ABOUT THIS EXERCISE:
Using the data below, set down every line from the one containing "위 사진을 보시는 것처럼" through the one containing "Karpen, Gating kinetics", inclusive and unchanged. Pictures are to be skipped.

Stored entries
· · · ·

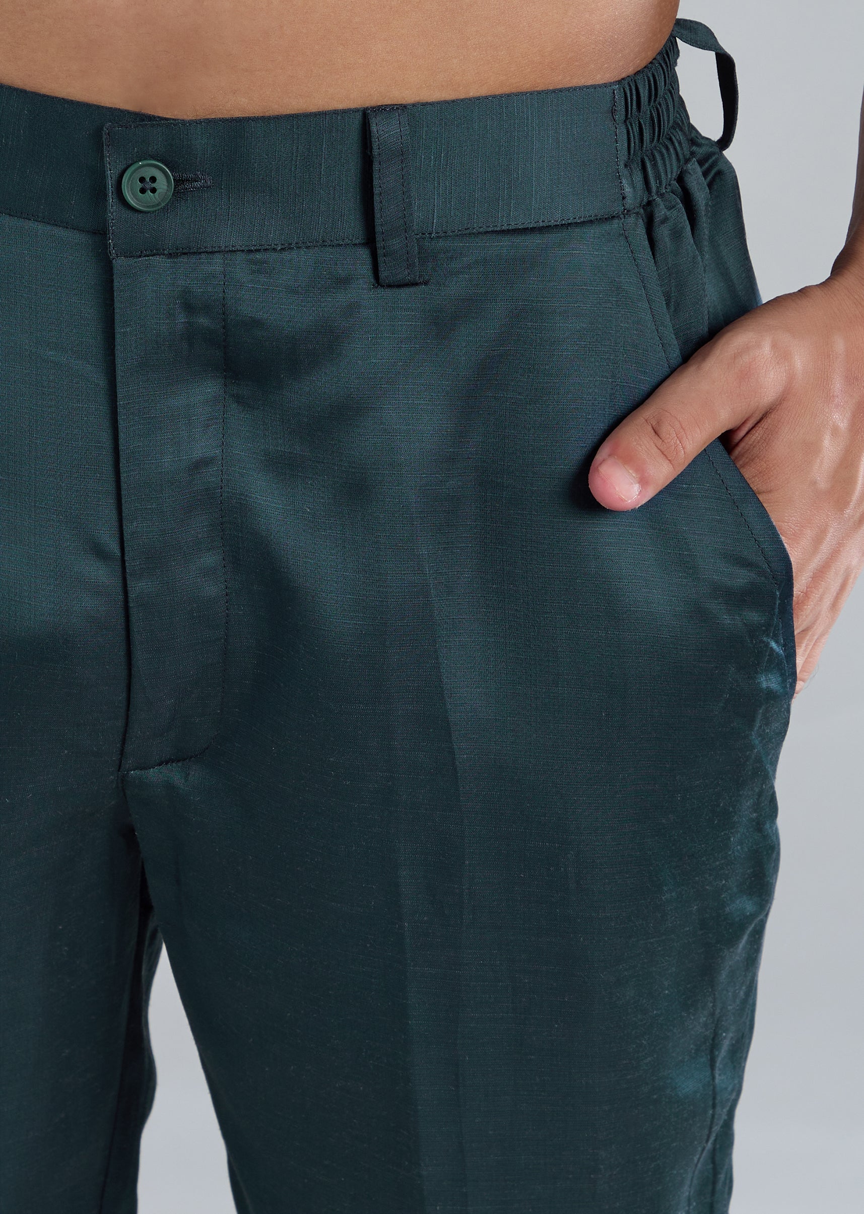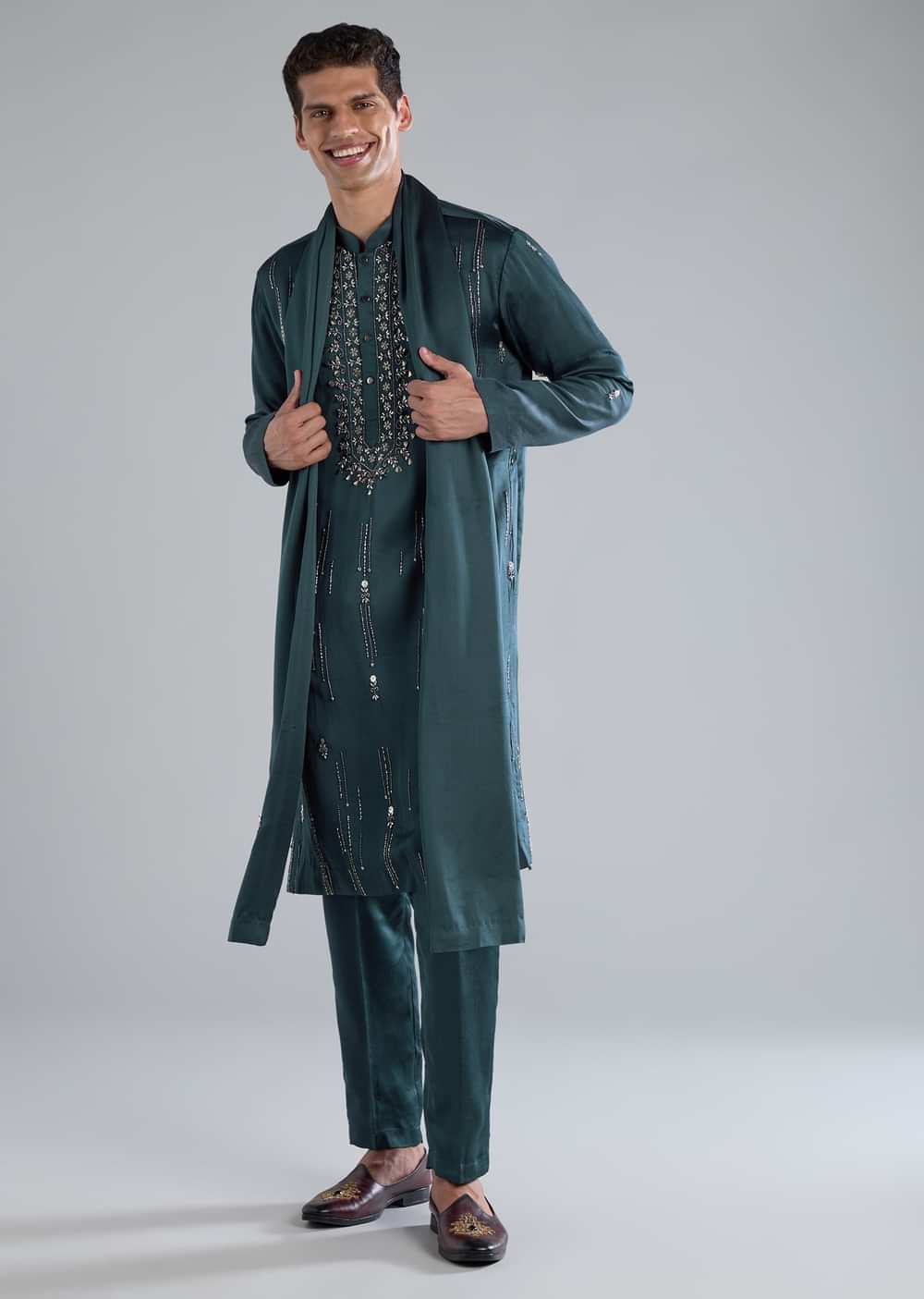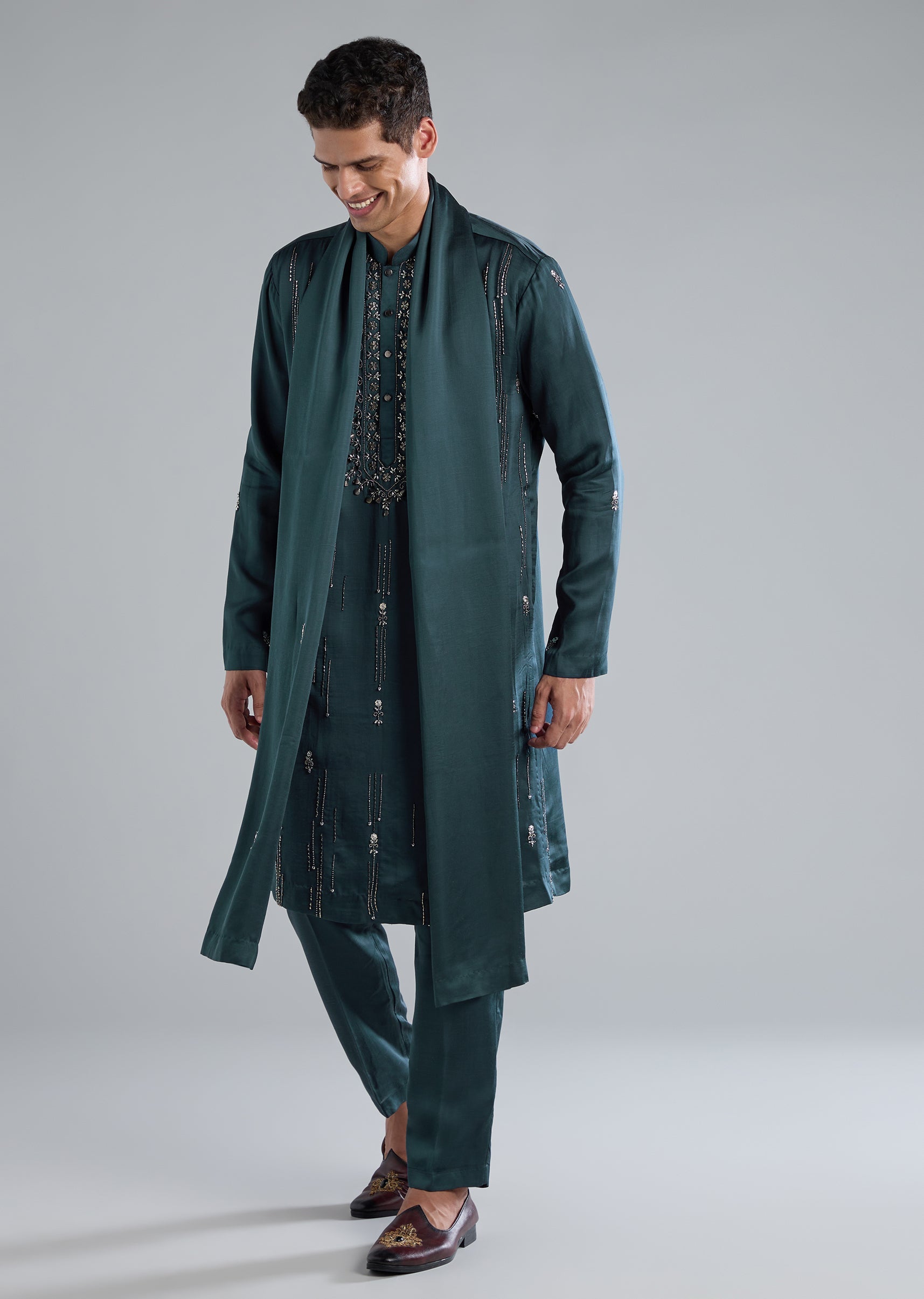 Radiating festive sophistication, this teal kurta set is crafted in a luxe blend of linen and silk. The surface is elevated with ornate hand embroidery featuring cut dana beads and metal detailing. Full sleeves and a mandarin collar add a regal touch while the front button closure keeps the look classic and polished. The set is complete with a coordinating dupatta and bottoms, making it an ideal choice for a groomsman or a wedding guest seeking an elegant yet impactful ensemble. Slight variation in color is possible due to photography. Awarded as the Most Trusted Brand, we're delivering styles you love, just as promised.
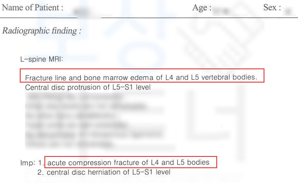 위 사진을 보시는 것처럼 요추 4번 5번이 압박골절되어 척추체의 전면이 주저앉은 모습 보이시죠? 요추 4번 5번 압박골절로 곽@@님은 TLSO 보조기를 착용하며 최소 12주간 입원 및 요양을 하셔야 했죠.
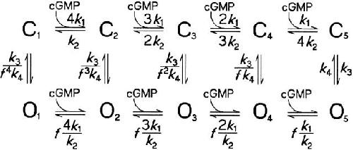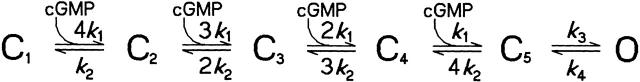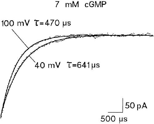 Karpen, Gating kinetics of the cyclic-GMP-activated channel of retinal rods: flash photolysis and voltage-jump studies. 1988, Pubmed
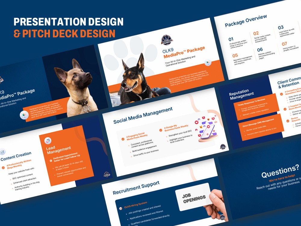 We’ll need your existing content, brand guidelines, or any reference decks you’d like us to consider. If you don’t have content, we can also provide copywriting to craft your message from scratch.
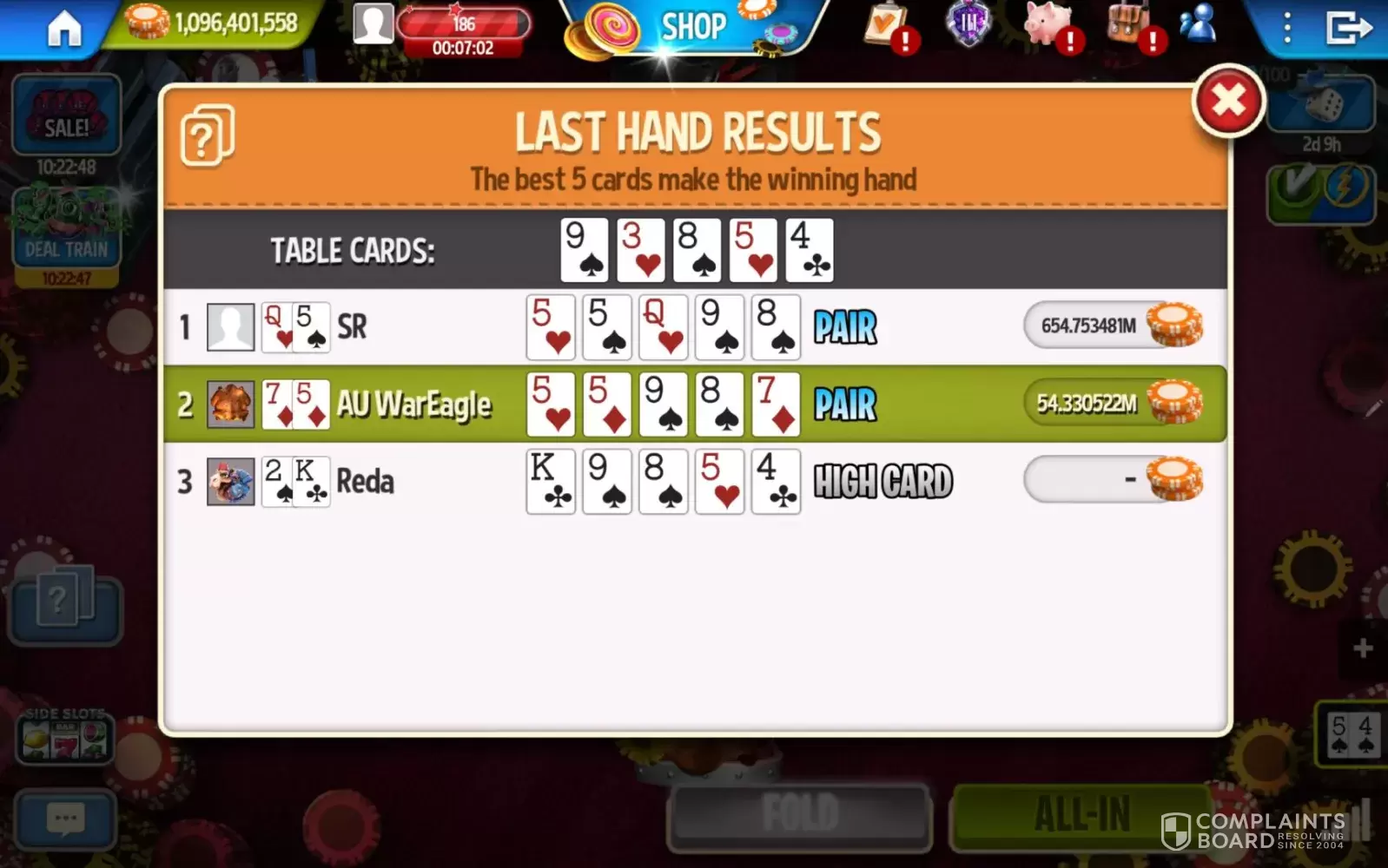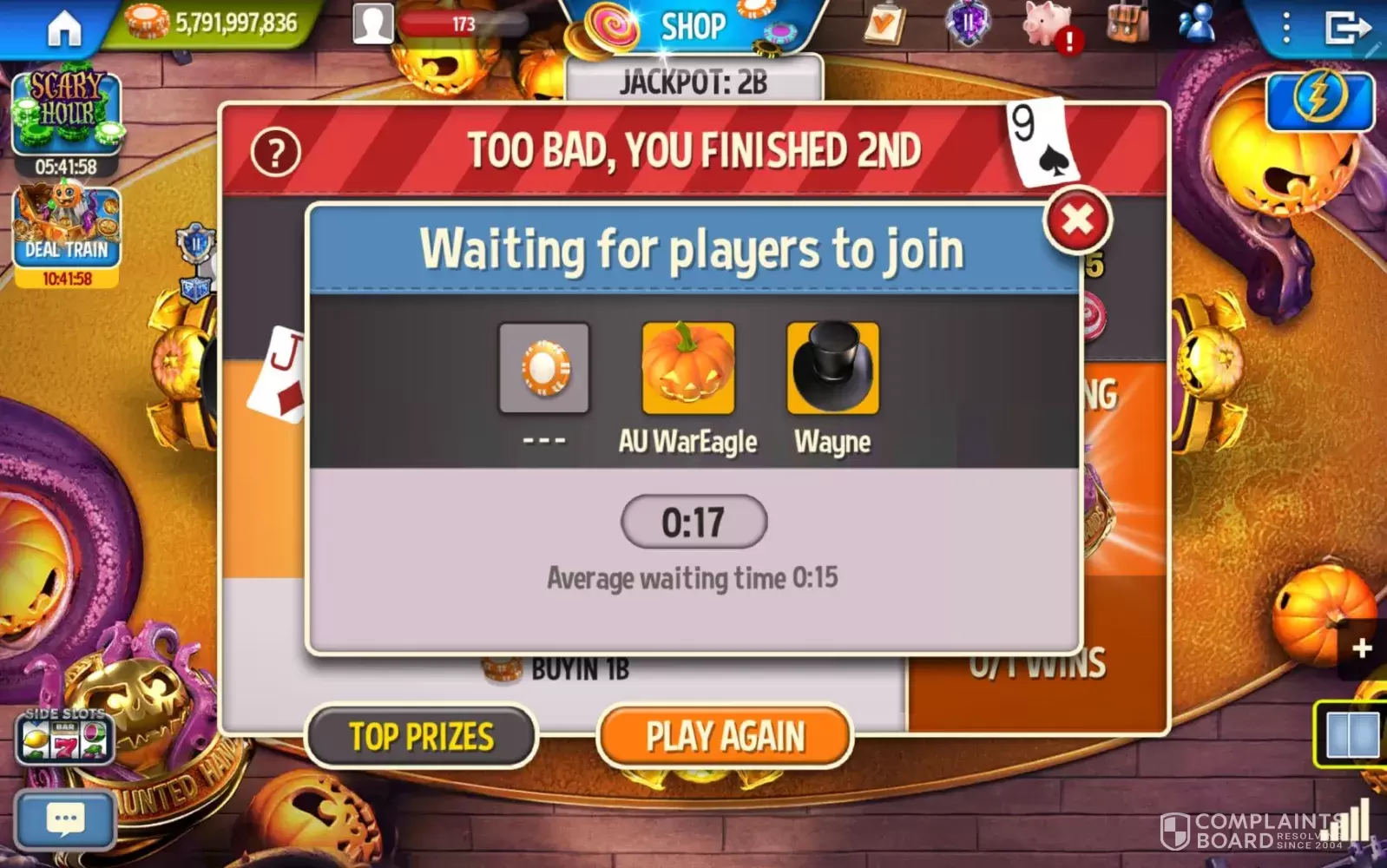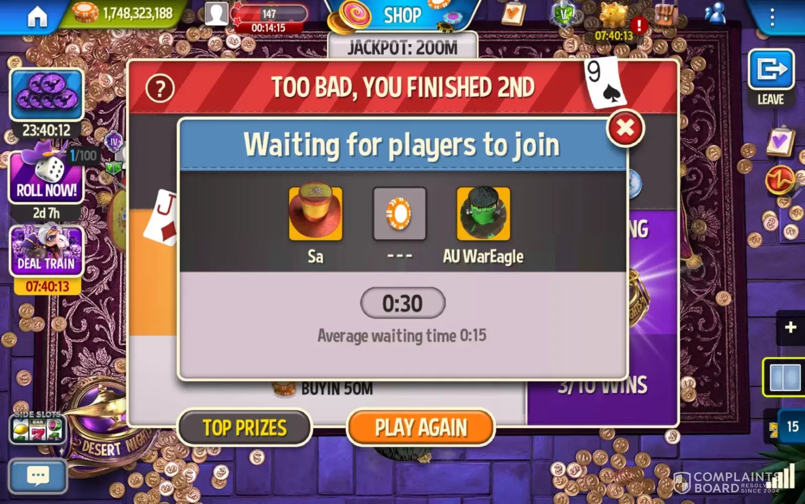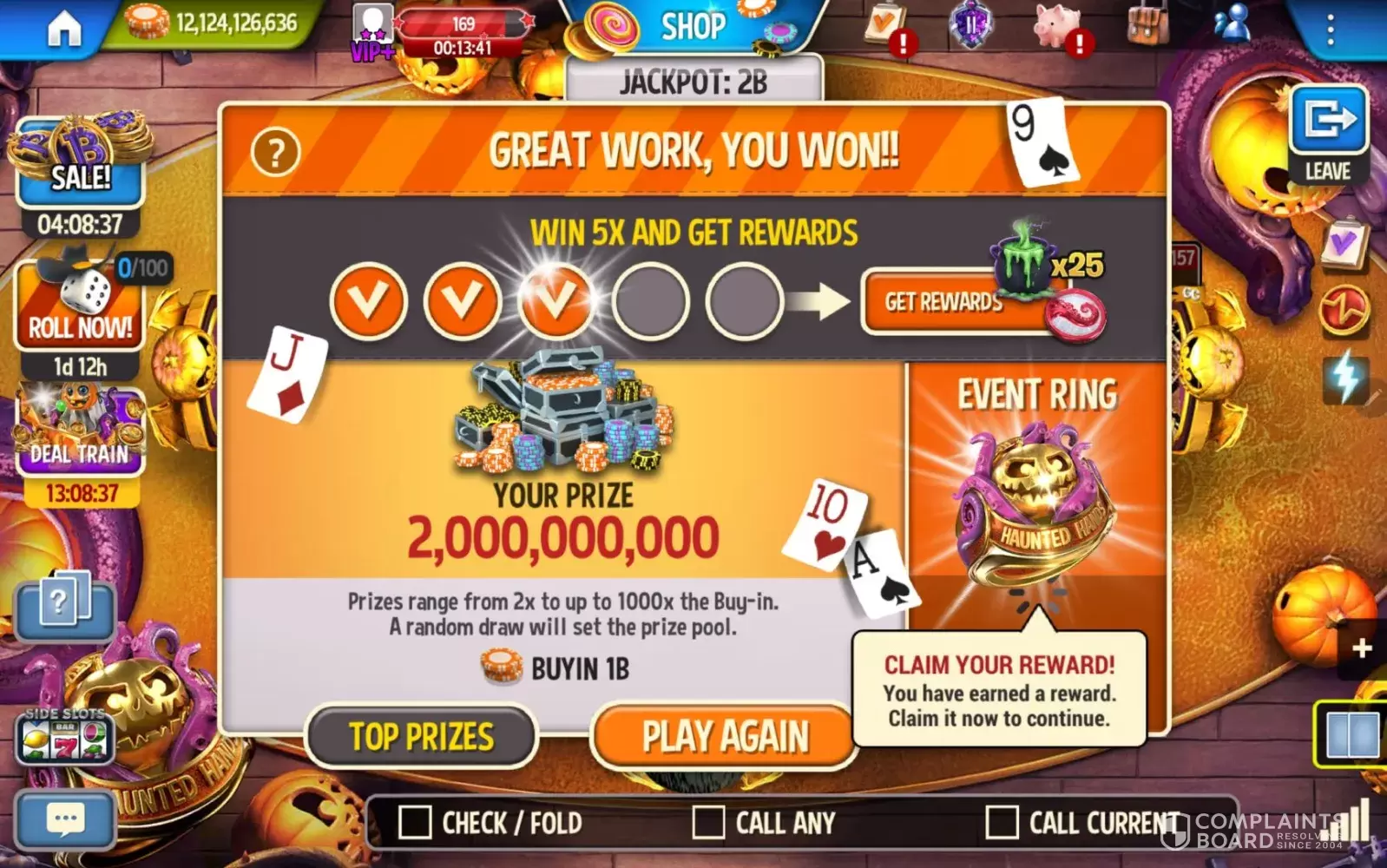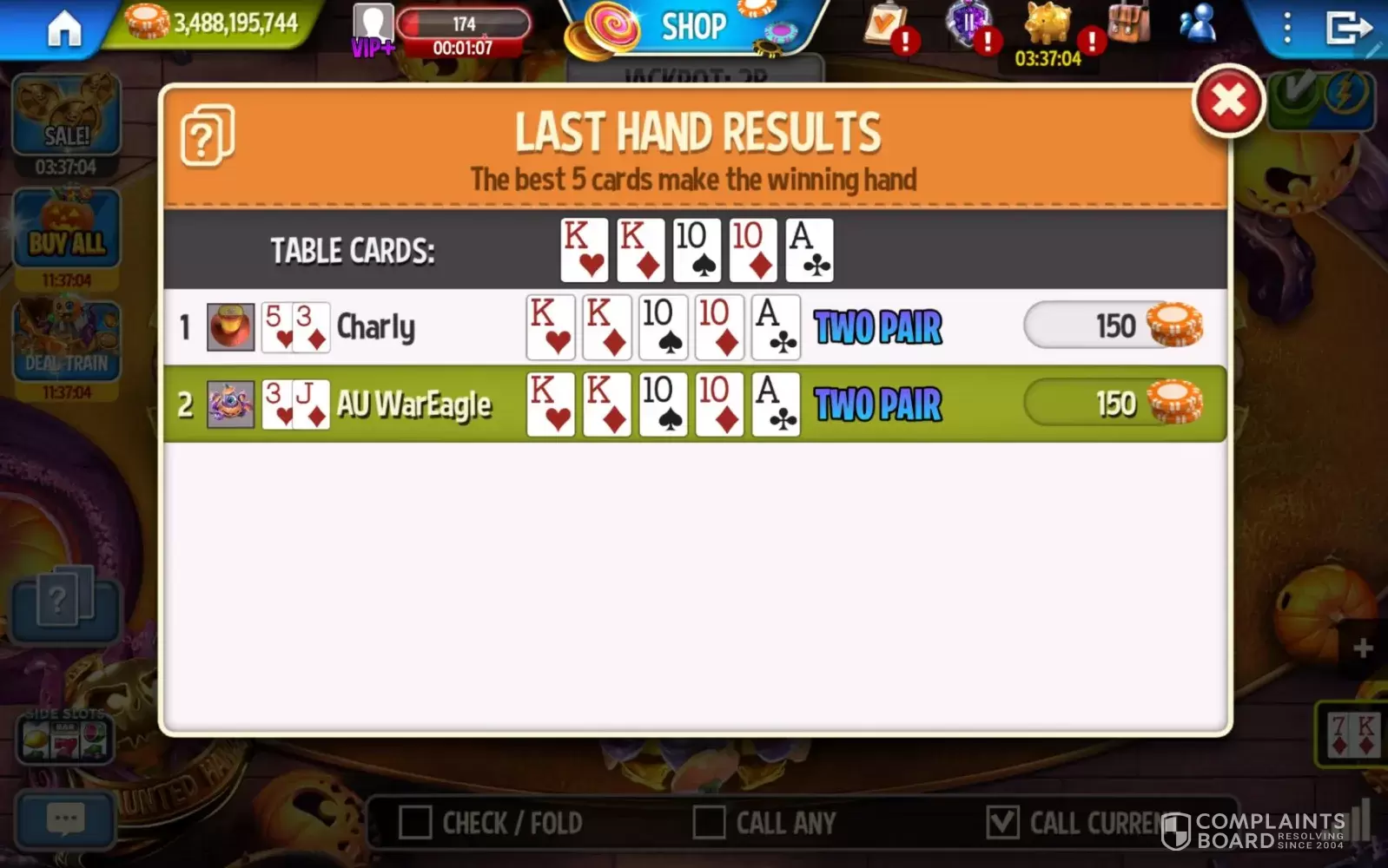 I have spent literally thousands on time on this game. It's only gotten worse. I have taken screenshots of the game landing on the jackpots then it will "land" on next lowest amount. I've been cheated out of 100 billion. The game dealer wins if it has 3club & queen heart but I'll have queen heart & 10 diamond in ultimate governor. But against other players I'd win. I play in actual casinos where Texas Hold'em was invented and this game has it wrong I want my money or my 100 billion chips I have purchased a deal where the minimum win GUARANTEE was 6 trillion and i DIDN'T GET IT. THEY CHEAT PLAYERS OUT OF MONEY

· · · ·

SOLVED EXERCISE:
 위 사진을 보시는 것처럼 요추 4번 5번이 압박골절되어 척추체의 전면이 주저앉은 모습 보이시죠? 요추 4번 5번 압박골절로 곽@@님은 TLSO 보조기를 착용하며 최소 12주간 입원 및 요양을 하셔야 했죠.
 Karpen, Gating kinetics of the cyclic-GMP-activated channel of retinal rods: flash photolysis and voltage-jump studies. 1988, Pubmed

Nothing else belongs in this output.